> **PROBLEM STATEMENT**
Word for word, reproduce each line of the data below, omitting every image.
[Start of Attachment]
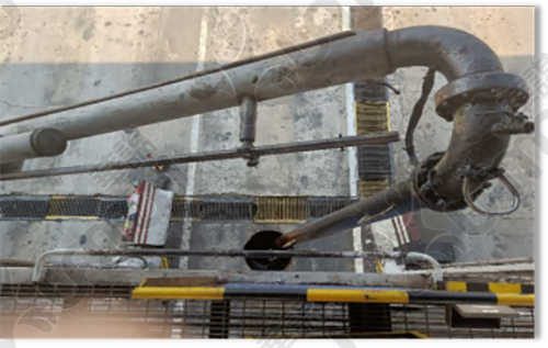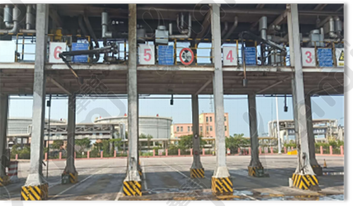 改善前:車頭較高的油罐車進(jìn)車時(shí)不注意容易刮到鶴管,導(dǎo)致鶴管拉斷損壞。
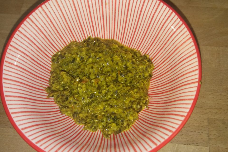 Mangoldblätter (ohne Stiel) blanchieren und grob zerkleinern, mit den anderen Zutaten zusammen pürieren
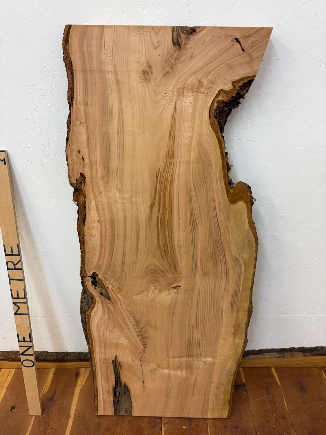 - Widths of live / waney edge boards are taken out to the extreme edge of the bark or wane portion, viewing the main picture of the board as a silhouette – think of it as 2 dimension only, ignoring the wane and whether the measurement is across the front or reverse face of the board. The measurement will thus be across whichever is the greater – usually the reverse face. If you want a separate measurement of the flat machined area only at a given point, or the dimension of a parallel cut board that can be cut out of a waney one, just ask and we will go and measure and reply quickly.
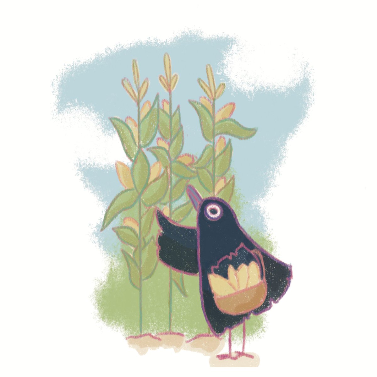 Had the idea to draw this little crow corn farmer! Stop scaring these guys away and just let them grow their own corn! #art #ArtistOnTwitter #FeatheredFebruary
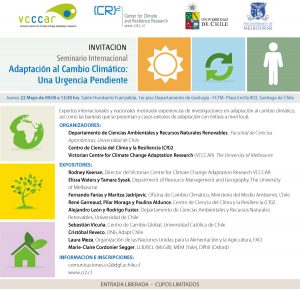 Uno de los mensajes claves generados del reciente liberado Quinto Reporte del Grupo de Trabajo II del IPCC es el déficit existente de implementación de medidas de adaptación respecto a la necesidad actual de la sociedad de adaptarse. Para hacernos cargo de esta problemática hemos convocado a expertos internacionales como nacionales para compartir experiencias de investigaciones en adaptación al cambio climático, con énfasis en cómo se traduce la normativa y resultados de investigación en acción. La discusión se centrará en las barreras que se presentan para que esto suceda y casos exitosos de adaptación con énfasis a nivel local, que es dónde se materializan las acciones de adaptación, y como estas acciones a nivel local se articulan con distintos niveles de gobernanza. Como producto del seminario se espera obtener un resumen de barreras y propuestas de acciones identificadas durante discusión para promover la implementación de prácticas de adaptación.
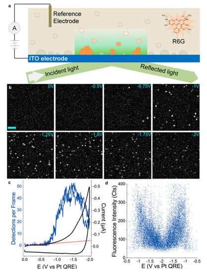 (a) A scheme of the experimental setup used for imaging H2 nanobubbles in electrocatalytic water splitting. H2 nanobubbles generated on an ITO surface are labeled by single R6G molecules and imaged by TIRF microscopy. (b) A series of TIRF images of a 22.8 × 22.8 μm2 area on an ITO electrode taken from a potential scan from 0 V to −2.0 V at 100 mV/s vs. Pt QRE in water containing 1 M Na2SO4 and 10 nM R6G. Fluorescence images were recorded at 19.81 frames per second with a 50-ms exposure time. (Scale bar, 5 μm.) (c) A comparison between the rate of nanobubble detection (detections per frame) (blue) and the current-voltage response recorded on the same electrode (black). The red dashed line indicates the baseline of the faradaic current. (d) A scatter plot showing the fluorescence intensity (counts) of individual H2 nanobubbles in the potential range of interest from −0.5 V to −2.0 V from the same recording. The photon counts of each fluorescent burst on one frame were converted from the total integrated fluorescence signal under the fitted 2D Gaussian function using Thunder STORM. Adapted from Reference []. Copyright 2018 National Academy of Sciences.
[End of Attachment]
> **TASK RESPONSE**
 改善前:車頭較高的油罐車進(jìn)車時(shí)不注意容易刮到鶴管,導(dǎo)致鶴管拉斷損壞。
 Mangoldblätter (ohne Stiel) blanchieren und grob zerkleinern, mit den anderen Zutaten zusammen pürieren
 - Widths of live / waney edge boards are taken out to the extreme edge of the bark or wane portion, viewing the main picture of the board as a silhouette – think of it as 2 dimension only, ignoring the wane and whether the measurement is across the front or reverse face of the board. The measurement will thus be across whichever is the greater – usually the reverse face. If you want a separate measurement of the flat machined area only at a given point, or the dimension of a parallel cut board that can be cut out of a waney one, just ask and we will go and measure and reply quickly.
 Had the idea to draw this little crow corn farmer! Stop scaring these guys away and just let them grow their own corn! #art #ArtistOnTwitter #FeatheredFebruary
 Uno de los mensajes claves generados del reciente liberado Quinto Reporte del Grupo de Trabajo II del IPCC es el déficit existente de implementación de medidas de adaptación respecto a la necesidad actual de la sociedad de adaptarse. Para hacernos cargo de esta problemática hemos convocado a expertos internacionales como nacionales para compartir experiencias de investigaciones en adaptación al cambio climático, con énfasis en cómo se traduce la normativa y resultados de investigación en acción. La discusión se centrará en las barreras que se presentan para que esto suceda y casos exitosos de adaptación con énfasis a nivel local, que es dónde se materializan las acciones de adaptación, y como estas acciones a nivel local se articulan con distintos niveles de gobernanza. Como producto del seminario se espera obtener un resumen de barreras y propuestas de acciones identificadas durante discusión para promover la implementación de prácticas de adaptación.
 (a) A scheme of the experimental setup used for imaging H2 nanobubbles in electrocatalytic water splitting. H2 nanobubbles generated on an ITO surface are labeled by single R6G molecules and imaged by TIRF microscopy. (b) A series of TIRF images of a 22.8 × 22.8 μm2 area on an ITO electrode taken from a potential scan from 0 V to −2.0 V at 100 mV/s vs. Pt QRE in water containing 1 M Na2SO4 and 10 nM R6G. Fluorescence images were recorded at 19.81 frames per second with a 50-ms exposure time. (Scale bar, 5 μm.) (c) A comparison between the rate of nanobubble detection (detections per frame) (blue) and the current-voltage response recorded on the same electrode (black). The red dashed line indicates the baseline of the faradaic current. (d) A scatter plot showing the fluorescence intensity (counts) of individual H2 nanobubbles in the potential range of interest from −0.5 V to −2.0 V from the same recording. The photon counts of each fluorescent burst on one frame were converted from the total integrated fluorescence signal under the fitted 2D Gaussian function using Thunder STORM. Adapted from Reference []. Copyright 2018 National Academy of Sciences.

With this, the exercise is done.